PROBLEM DETAILS:
Every line from the one holding "2 POSITIONING OF THE HOB" through the one holding "Tageszeiten. Weiterhin finden" in the data below must be returned exactly, both ends included, with pictures left out and nothing else added.

DATA IN THIS EXERCISE:

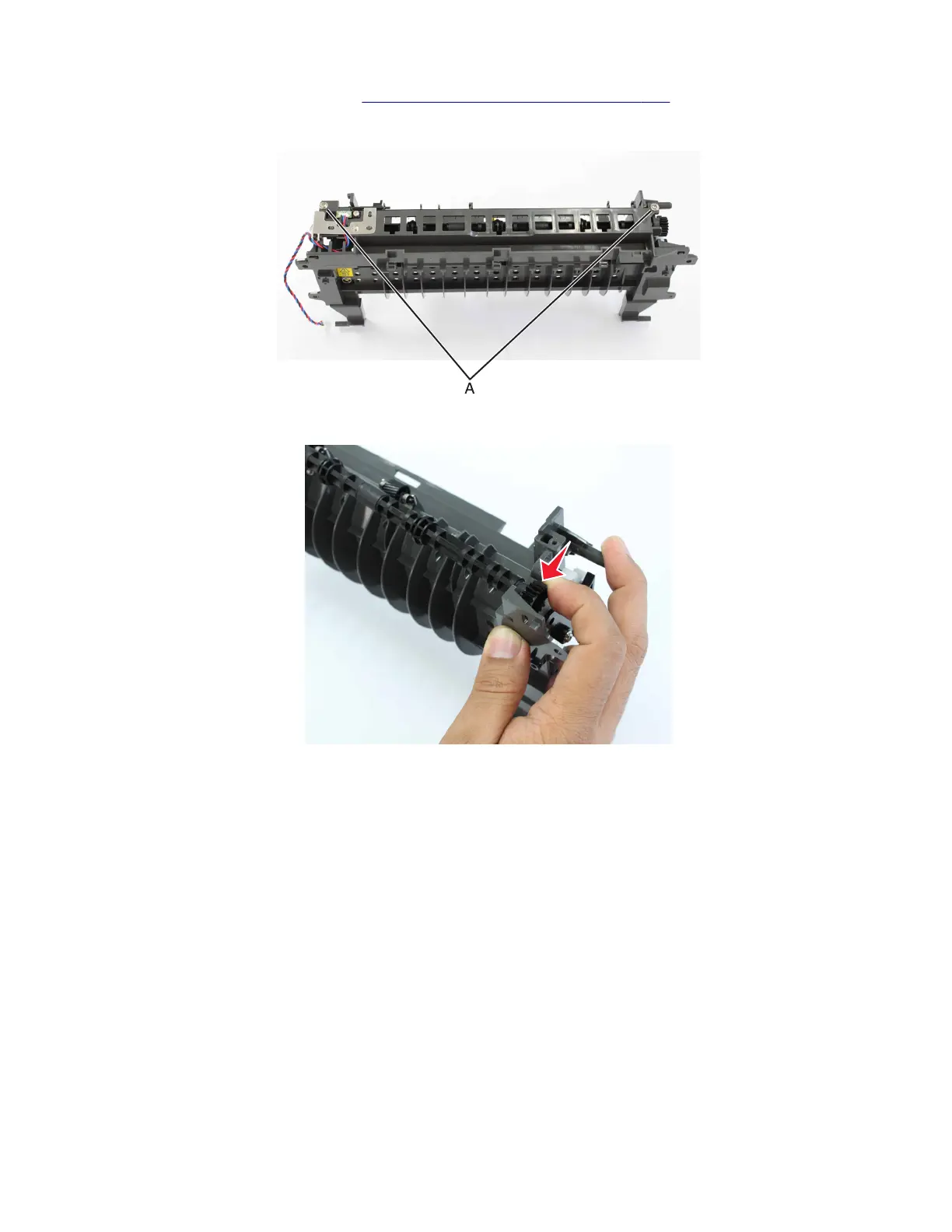 6 Remove the two screws (A), and then remove the top of the redrive assembly.
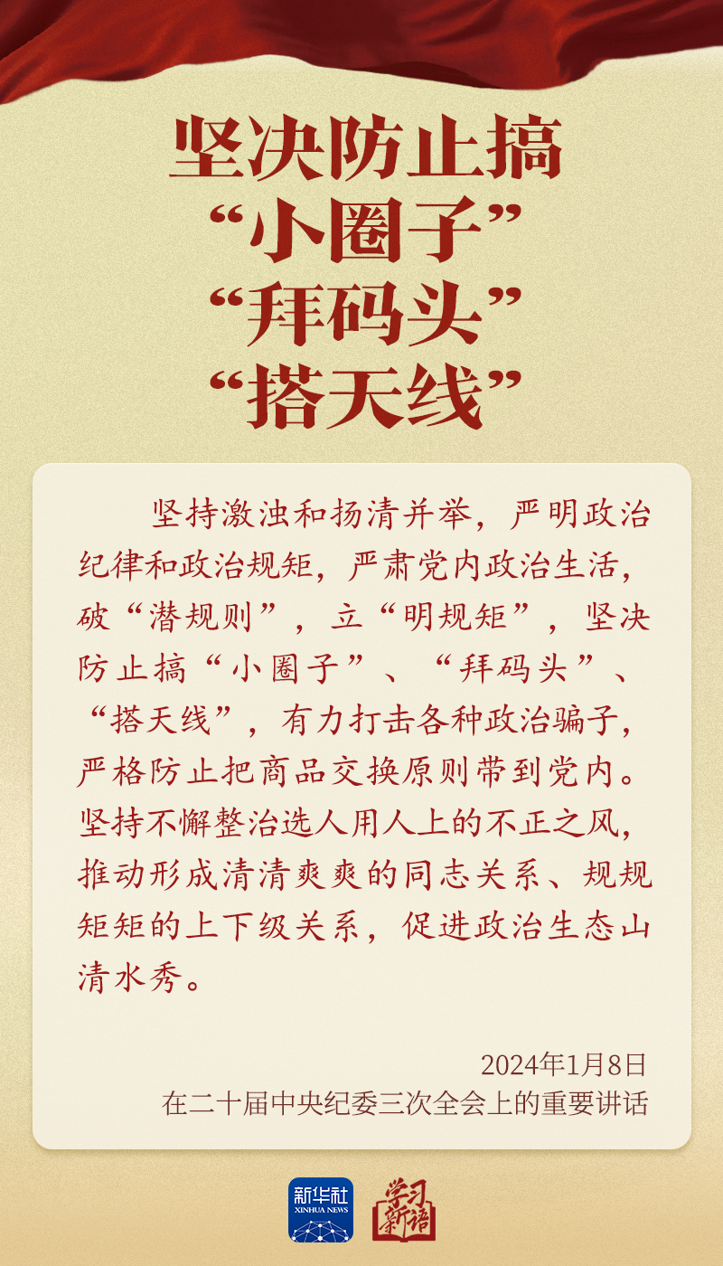 二十届中央纪委五次全会将于1月12日至14日召开。治国必先治党,治党务必从严。本期“学习新语”,我们从习近平总书记出席中央纪委全会的历次讲话中,选取关于全面从严治党之喻,一起学习领悟其中深意。
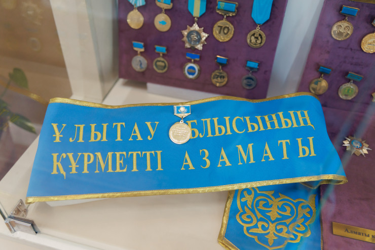 Награды и ордена Торегельды Шарманова в музее занимают целый стенд.
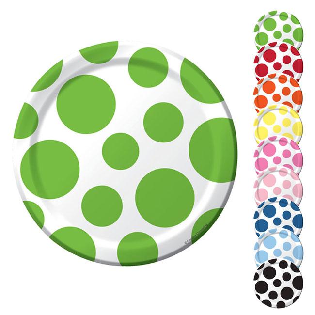 Die Pappteller "Crazy Punkte" sind aus Pappe gefertigt und haben einen Durchmesser von ca. 18 cm. Das Produkt kommt im 8er Pack zu Ihnen nach Hause. Sie haben die Wahl zwischen neun verschiedenen Farbvarianten: Grün, Rot, Orange, Gelb, Pink, Rosa, Blau, Hellblau oder Schwarz. Die weißen Pappteller sind dann mit verschieden großen Punkten in der von Ihnen gewählten Farbe verziert.
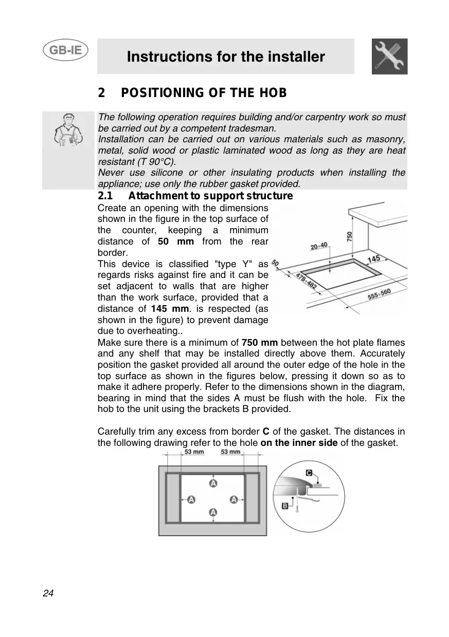 2 POSITIONING OF THE HOB
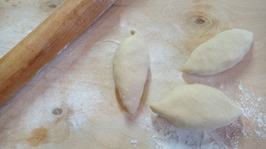 Тесто немного обомните и используйте для приготовления пирожков или пирогов. Чтобы тесто больше не просило муки, смажьте руки растительным маслом.
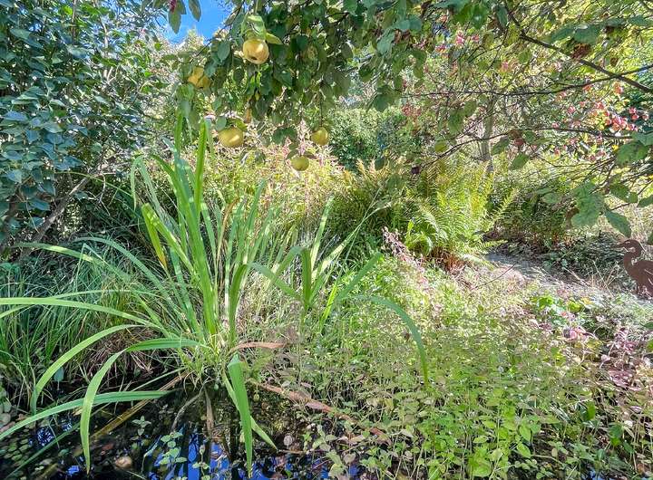 Tageszeiten. Weiterhin finden Sie, Obstbäume, wie Äpfel und Birnen, einem kleinen Teich und Raum für individu-elle Gestaltungsideen. Mit etwas Pflege lässt sich der
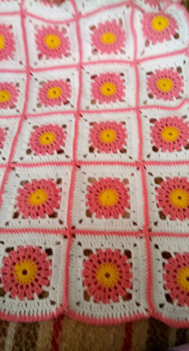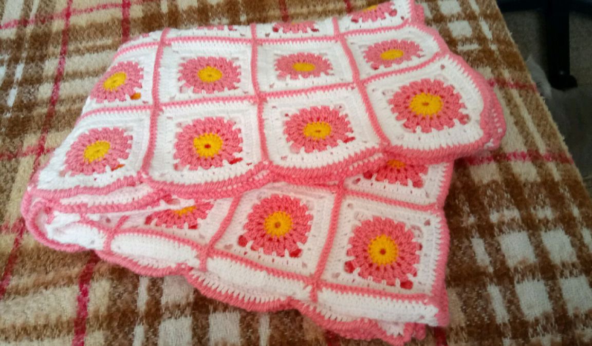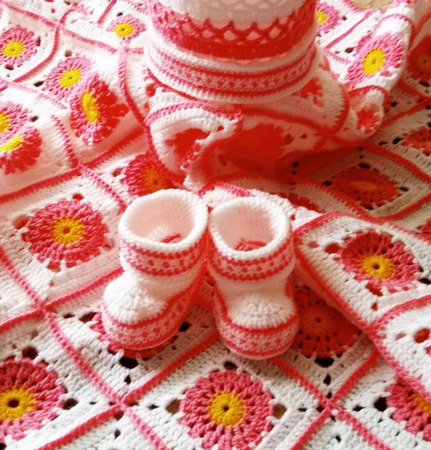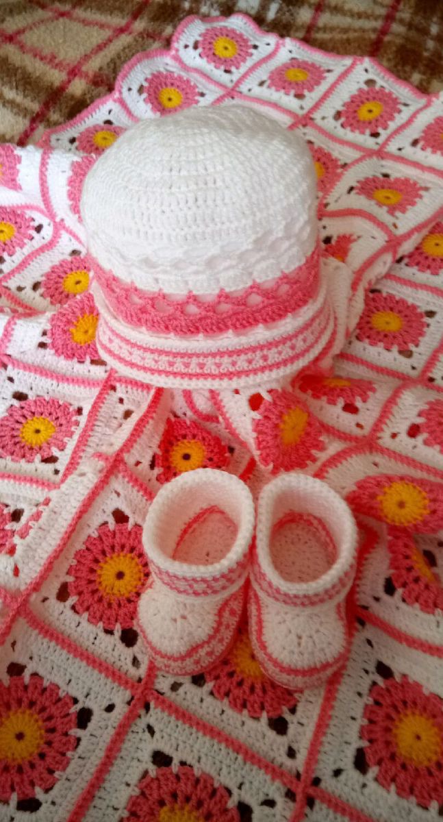 Этот чудесный комплект станет прекрасным теплым подарком для новорождённой девочки. В комплекте плед, связанный мотивами, шапочка и пинетки. В работе использованы акриловые детские нитки, не вызывающие аллергию на шерсть. очень мягкий и теплый плед станет согреет теплом Вашего малыша.

TASK RESULT:
 2 POSITIONING OF THE HOB
 Тесто немного обомните и используйте для приготовления пирожков или пирогов. Чтобы тесто больше не просило муки, смажьте руки растительным маслом.
 Tageszeiten. Weiterhin finden Sie, Obstbäume, wie Äpfel und Birnen, einem kleinen Teich und Raum für individu-elle Gestaltungsideen. Mit etwas Pflege lässt sich der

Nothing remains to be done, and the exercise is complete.